■ Task statement
Starting at the first line of the listing below, repeat each line exactly until you have repeated the one containing "Se le conoce"; skip the pictures.

■ Available data
= = = = =

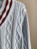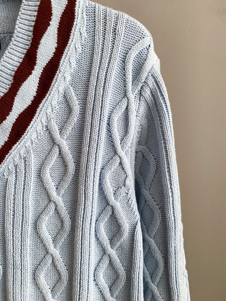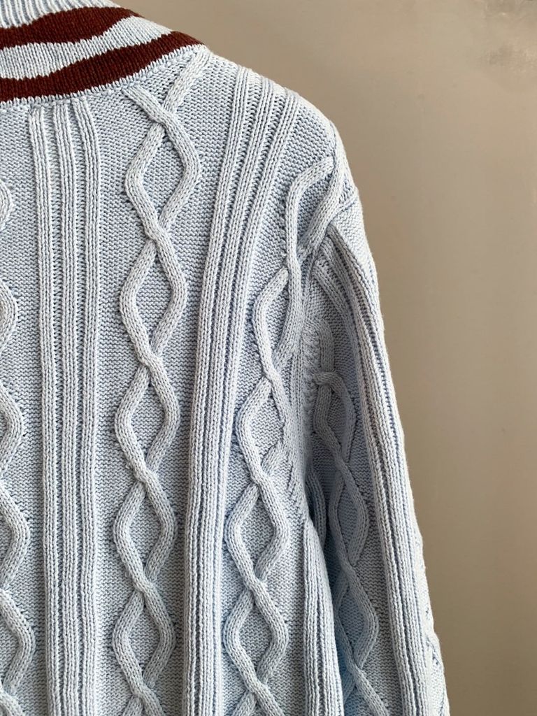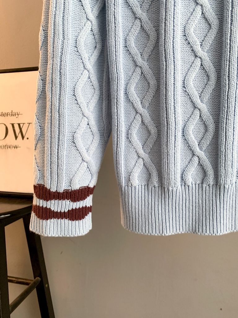 Chỉ nhìn đã thấy “ấm mắt” – tông xanh baby dịu nhẹ, cổ V viền sọc nâu – trắng nổi bật, lên dáng trẻ trung, hợp cả nam lẫn nữ trong mọi set đồ ngày lạnh.
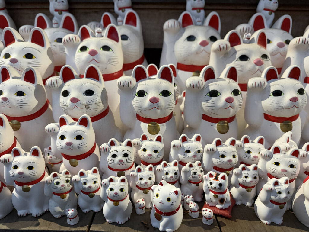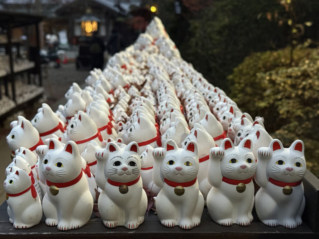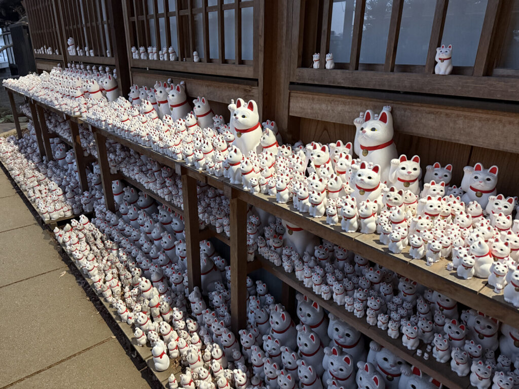Se le conoce como el «templo del gato» debido a las figuras de maneki-neko.
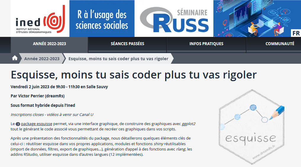Après une présentation des fonctionnalités du package, quelques éléments clés de celui-ci seront détaillés : réutiliser esquisse dans ses propres applications, modules et fonctions shiny réutilisables (import de données, filtres, export de graphiques…), génération d’appel à des fonctions avec rlang, les addins RStudio, utiliser esquisse dans d’autres langues (12 implémentées).

= = = = =

■ Final answer
 Chỉ nhìn đã thấy “ấm mắt” – tông xanh baby dịu nhẹ, cổ V viền sọc nâu – trắng nổi bật, lên dáng trẻ trung, hợp cả nam lẫn nữ trong mọi set đồ ngày lạnh.
Se le conoce como el «templo del gato» debido a las figuras de maneki-neko.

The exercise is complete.